= Flute Concerto (Simpson) =

1989 Concerto by Robert Simpson

The Flute Concerto by Robert Simpson was composed in 1989 and dedicated to Susan Milan, the flautist who commissioned the work and gave its premiere in May 1992 at the Malvern Festival with the City of London Sinfonia conducted by Richard Hickox.

==Form==
The work is in one movement with a running time of approximately twenty-five minutes. The orchestra used by Simpson is a small one, with seven woodwind players, two horns, timpani and strings. The work can broadly be divided into three distinct parts:

===Allegretto===
In a 6/8 meter, the work begins with a phrase from muted first violins that forms the basis of the entire work. The shape given out by the sequence of intervals present in A - B - C♯ - D♯ - D - D♯ - B - C - D is developed throughout the entire one movement structure. The flute enters several bars later with a variation on this phrase with light accompaniment from the orchestra, often consisting of just a single line with the dynamic level remaining at pianissimo for a considerable period of time. After several minutes a climax is reached, leading into a brief secondary part of the Allegretto where the tempo remains the same but the meter is changed to common time. Gradually the music becomes more agitated before breaking away into the following section, Allegro non troppo.

===Allegro non troppo===
A one-in-a-bar scherzo, it begins softly with strings before the flute enters, accompanied by chamber-like subdued textures from the orchestra. The soloist has dialogue with both the woodwinds and the timpani during this section, giving the impression of dry wit.
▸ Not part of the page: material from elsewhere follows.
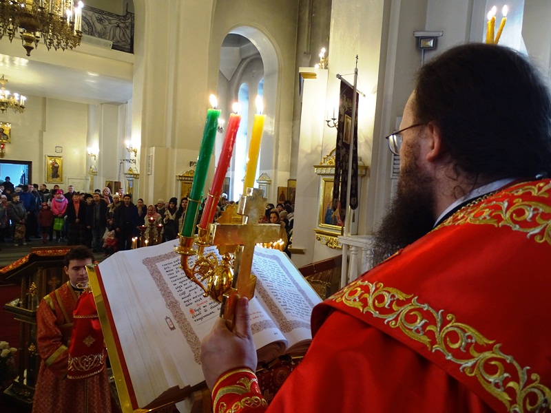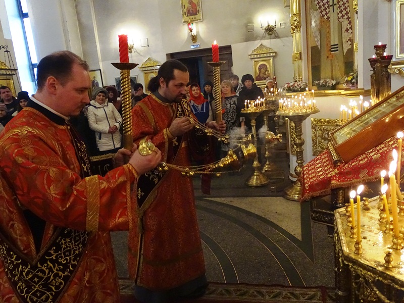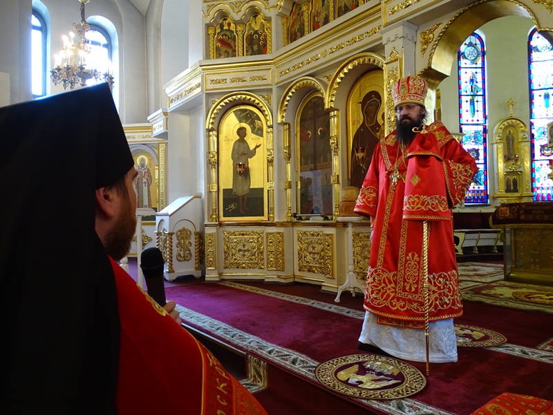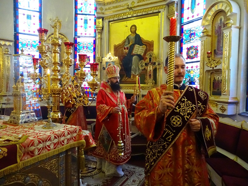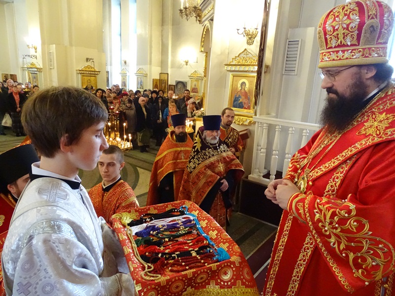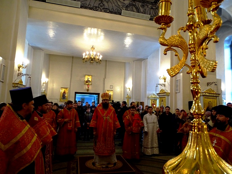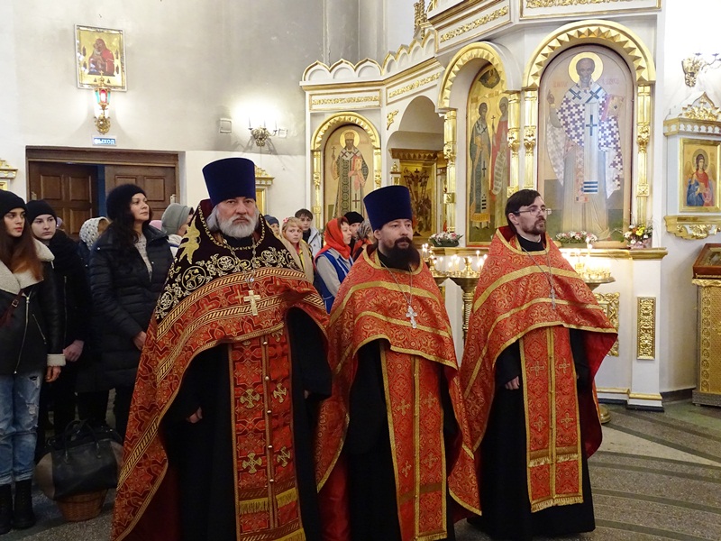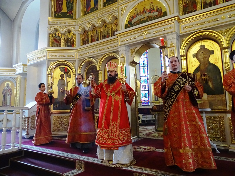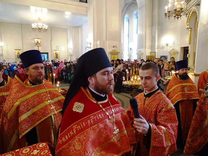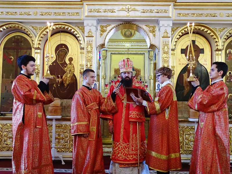 Его Преосвященству сослужили: секретарь Норильской епархии иеромонах Герман (Мельников); благочинный Норильского округа протоиерей Владимир Иванов; председатель епархиального отдела по взаимодействию с силовыми структурами протоиерей Димитрий Харцыз; председатель епархиального отдела по социальному служению и церковной благотворительности иерей Сергий Андреев; председатель епархиального молодежного отдела диакон Алексий Трофимов; штатное духовенство собора.

This section too climaxes near its end, before ending softly and mysteriously, leading into the final Adagio.

===Adagio===
The strings introduce the Adagio, its mood contemplative and introspective (reminiscent of some of the slow string writing in Simpson's Ninth Symphony and later string quartets). The flute and woodwinds take over this theme in turn. After a passage accompanied by divided cellos, the work reaches its final, extended climax as the flautist is instructed to sit with the string soloists for the very final part of the piece where the conductor is required to sit out. The last five minutes are essentially chamber music - the flute and string soloists forming a quintet, closing peacefully.